On Tuesday, OAN’s Chanel Rion defended the movie’s “damning evidence” of “explicitly illegal” activity, and pushed back against “so-called fact checkers” with location data whataboutism and wild speculation about conspirators “using blue surgical gloves in the dead of night … in an eerily systematic fashion.” Rion concluded the report with the statement that True the Vote, the right-wing nonprofit D’Souza worked with, would release its video footage to “confirm to the naysayers” that “President Biden is as illegitimate a president as the evidence illustrates.”
And OAN’s continuing stalwart support of the Big Lie doesn’t stop with promoting the latest installment in D’Souza’s preposterous career:
- On Saturday, Weekly Briefing devoted a significant portion of an interview with Arizona gubernatorial candidate Kari Lake to long-debunked allegations of election fraud, including “SharpieGate,” of which Lake “personally” claimed to have been a victim.
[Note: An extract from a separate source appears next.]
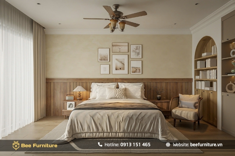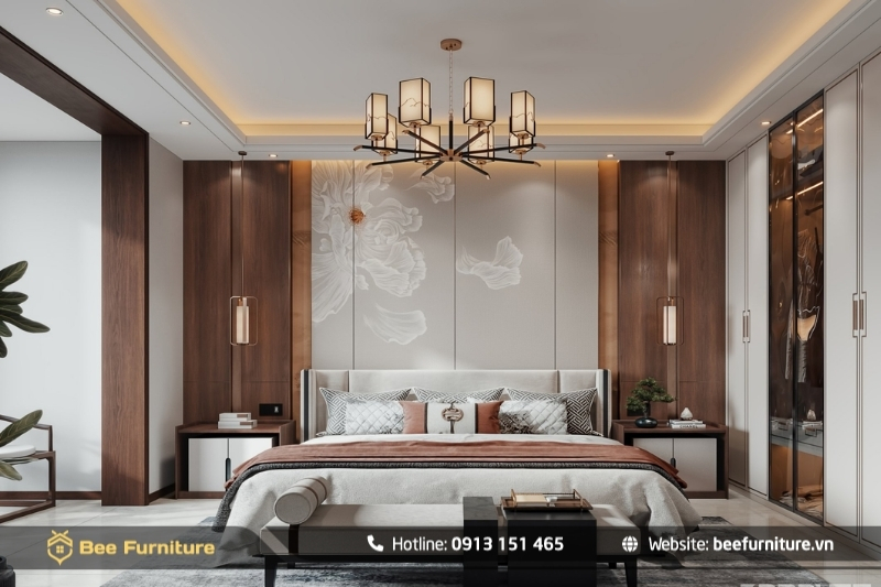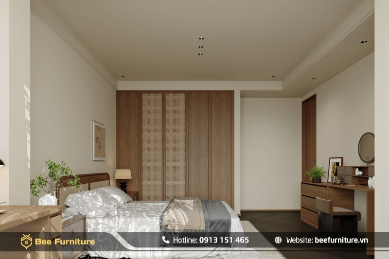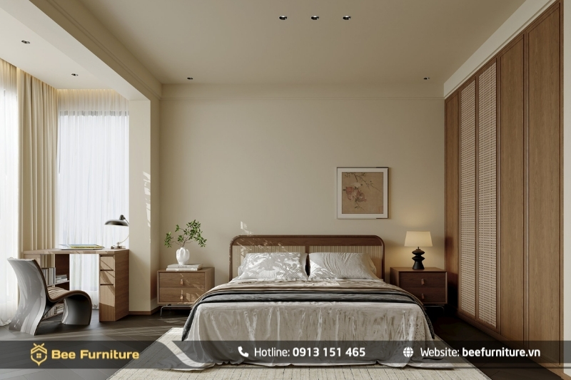 Mẫu 7: Thiết kế phòng ngủ theo phong cách indochine tối giản

Lake told Rion that “we’re going to drag the 2020 election out, … under the spotlight, and we’re going to examine what went wrong. We’ll take that forensic audit, we’re going to find each and every loophole that was used to cheat and steal our vote, and we’re going to fix it.”
- Rion is a co-founder of Voices & Votes, a nonprofit founded with former OAN host Christina Bobb to fund Arizona-style election audits in Pennsylvania, Wisconsin, Michigan, and Georgia. During her time at OAN, Bobb used Voices & Votes to fund the Arizona audit, while using her OAN coverage of the same audit to fundraise for the group.
- In January, while defending itself against a $1.6 billion defamation suit from Dominion Voting Systems, OAN aired a regular guest’s highly misleading claim that U.S. courts found Dominion machines “to be illegal” prior to the 2020 election.
- That same month, OAN devoted part of an interview with former President Donald Trump to lies about a rigged election. Trump told Bobb, whom he later hired back from OAN, that “you cover this better than anybody, and what you do and what OAN does is so important.”
- OAN devoted large chunks of its summer 2021 programming to the deluded election fantasies of MyPillow CEO Mike Lindell. The network aired or promoted his many “documentaries” purporting to prove fraud; gave him friendly interviews to push his crusade; advertised his three-day “cyber symposium” over 150 times in one week, then aired over 30 hours of it live; and, on one occasion, gave 2 hours of prime-time coverage up to a livestream of Lindell’s various grievances.
- In March 2021, OAN founder and CEO Robert Herring endorsed further investigation of election fraud allegations, claiming that type of fraud that targeted Trump “probably happened to Roy Moore,” a former GOP Senate candidate whose 2017 special election campaign imploded under reports of child sexual abuse, “and it’s probably happening to a lot of others. We need to investigate this, really. I mean, seriously, the people need to figure out what’s happening.”
A highly specific and likely legally compelled report debunking false claims about ballot counting, in only one location, without even a mention of its previous false reports, is not a change of course for the network. Spreading lies about election fraud is OAN’s bread and butter.